# Try it
Each line from the one that holds "Our signature bootcut" to the end of the records is to be retyped exactly. Pictures are not part of the copy.

-- Records for the exercise follows --

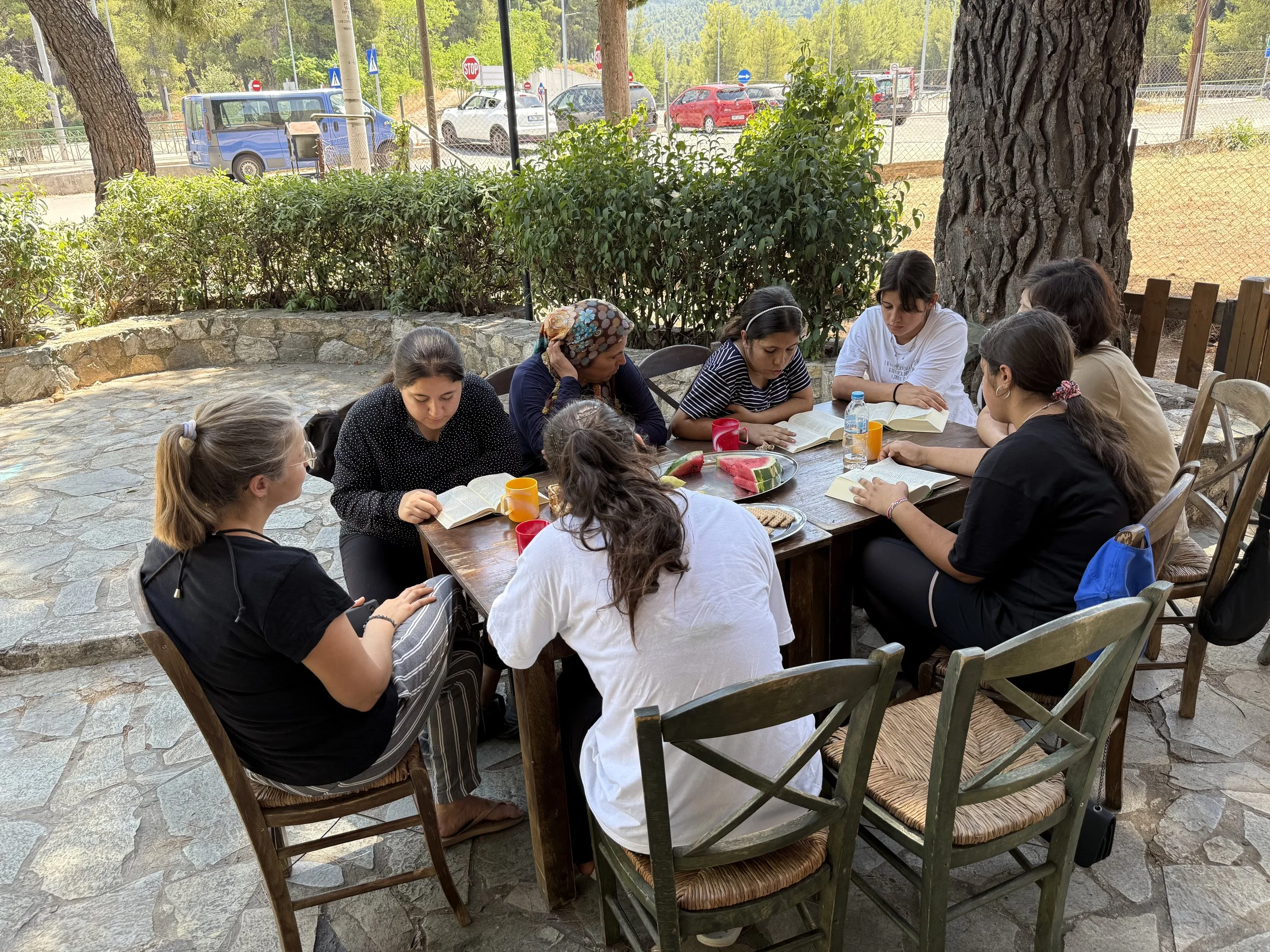 In our weekly Bible circles, men and women from diverse backgrounds sit side by side, sharing Scripture in their native languages, creating a soft murmur of prayers that crosses cultural and linguistic boundaries. Just as essential is the support we offer the youngest in our care: at the children’s corner, we see laughter breaking through the weight of trauma. Here, children engage in simple, joyful acts, coloring pictures of “home,” listening to sermons, and enthusiastically singing worship songs, reaffirming their value and fostering a sense of belonging.. -
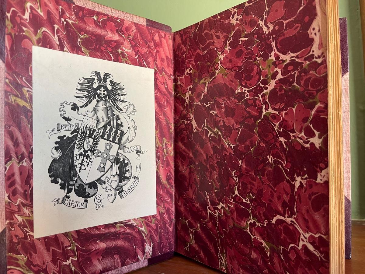 LOT 91 - Charles Kingsley Book Set consisting of 5 Volumes. Leather-bound with beautiful marbled end pages. From the personal library of David's mother. This book was part of the David-Pleydell-Bouverie library at Bouverie Ranch in Glen Ellen. This item can be viewed at our Green + Cate Showroom in Sebastopol from July 15th - July 18th between the hours of 9am-5pm. For the benefit of the Bouverie Preserve of Audubon Canyon Ranch.
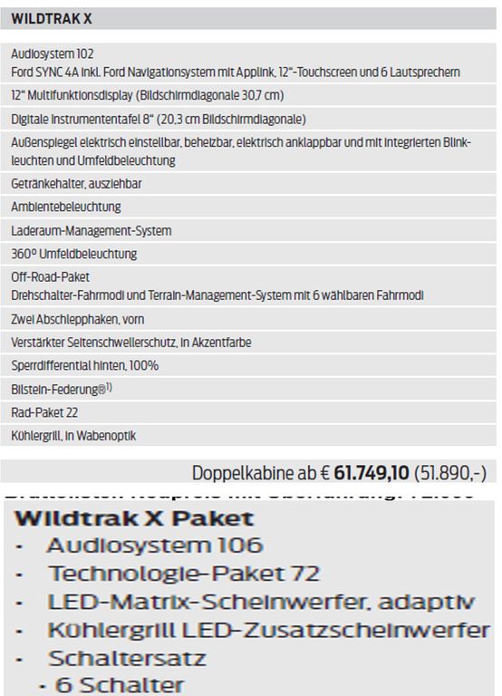 Подробный расчёт Ford Wildtrak X Tech83 eRollo B+O AHK3,5t Np70t LAGER
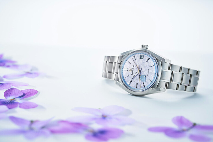 La palette de couleurs fait référence à la fleur "Sumire" (violette). Le cadran présente une douce teinte gris-violet, ainsi qu'un indicateur de réserve de marche bleu et un anneau périmétrique bleu. Grâce à des éléments dorés, dont le logo GS et l'aiguille des secondes, le contraste est saisissant avec le motif texturé "Hana-ikada", destiné à imiter les fleurs de cerisier flottant sur l'eau.
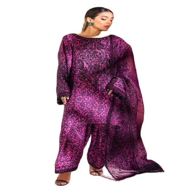 ชุดสูทผ้าชอลวาร์ Kameez หรูหราสง่างามสำหรับผู้หญิงผ้าไหมปักลายสวยงามเป็นธรรมชาติสำหรับฤดูหนาว
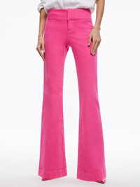 Our signature bootcut pant, now in colored denim that feels perfectly tailored for anything (office or after hours). The wide waistband is incredibly flattering (not that you need any help). PRODUCT DETAILS - Denim - Mid rise - Bootcut - Full length - Wide waistband - Back pocket detailing - Front zipper and hidden hook and eye closure - Front rise: 9 1/2” - Back rise: 15” - Inseam: 34 3/4” - 92% cotton, 6% elastomultiester, 2% elastane - Fits true to size, take your normal size. - Emmah is wearing a size 24 and her measurements are 5'9.5", 31" bust, 23" waist, 34.5" hip - Dry clean - Imported
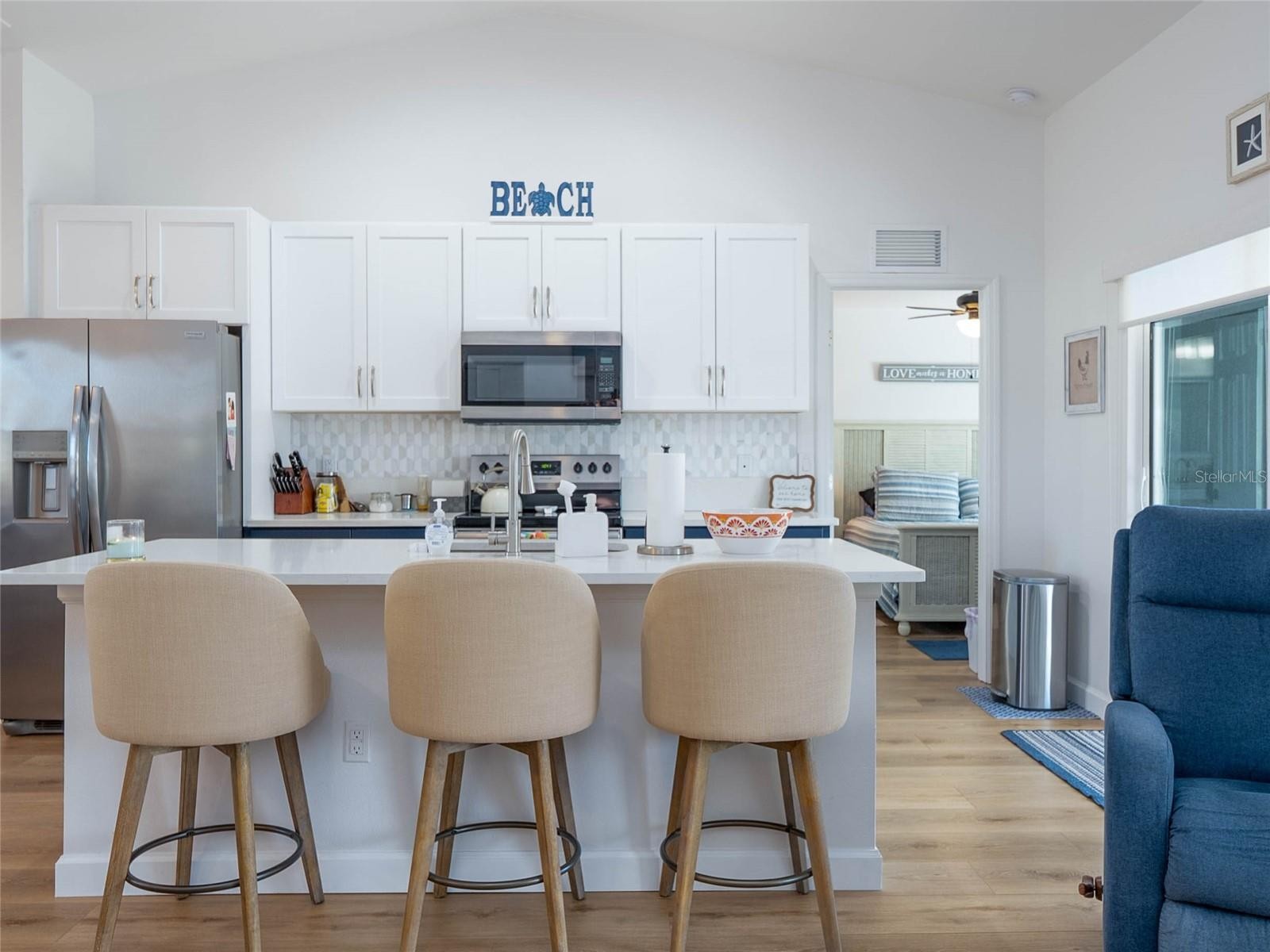 Welcome to this beautiful well-maintained 3-bedroom, 2-bath home located in a quiet neighborhood in growing North Port. This split-bedroom open floor plan offers vaulted ceilings, tile and laminate flooring, and a spacious living area perfect for entertaining. The kitchen features custom cabinetry, a breakfast bar, and views of the fenced in serene backyard. The primary suite includes a walk-in closet and en-suite bath. The home was updated in 2023 with a new roof, vinyl fence, paver patio, new flooring, whole house reverse osmosis water system, and many more updates. The home also has ring cameras at the front and rear of the home. Enjoy Florida living on a generous 0.23-acre lot with plenty of room for a pool or garden. No HOA or CDD. Conveniently located near I-75, shopping, dining, and Gulf Coast beaches. Move-in ready and full of potential—schedule your showing today!

-- Records for the exercise concluded --

# Finished task
 Our signature bootcut pant, now in colored denim that feels perfectly tailored for anything (office or after hours). The wide waistband is incredibly flattering (not that you need any help). PRODUCT DETAILS - Denim - Mid rise - Bootcut - Full length - Wide waistband - Back pocket detailing - Front zipper and hidden hook and eye closure - Front rise: 9 1/2” - Back rise: 15” - Inseam: 34 3/4” - 92% cotton, 6% elastomultiester, 2% elastane - Fits true to size, take your normal size. - Emmah is wearing a size 24 and her measurements are 5'9.5", 31" bust, 23" waist, 34.5" hip - Dry clean - Imported
 Welcome to this beautiful well-maintained 3-bedroom, 2-bath home located in a quiet neighborhood in growing North Port. This split-bedroom open floor plan offers vaulted ceilings, tile and laminate flooring, and a spacious living area perfect for entertaining. The kitchen features custom cabinetry, a breakfast bar, and views of the fenced in serene backyard. The primary suite includes a walk-in closet and en-suite bath. The home was updated in 2023 with a new roof, vinyl fence, paver patio, new flooring, whole house reverse osmosis water system, and many more updates. The home also has ring cameras at the front and rear of the home. Enjoy Florida living on a generous 0.23-acre lot with plenty of room for a pool or garden. No HOA or CDD. Conveniently located near I-75, shopping, dining, and Gulf Coast beaches. Move-in ready and full of potential—schedule your showing today!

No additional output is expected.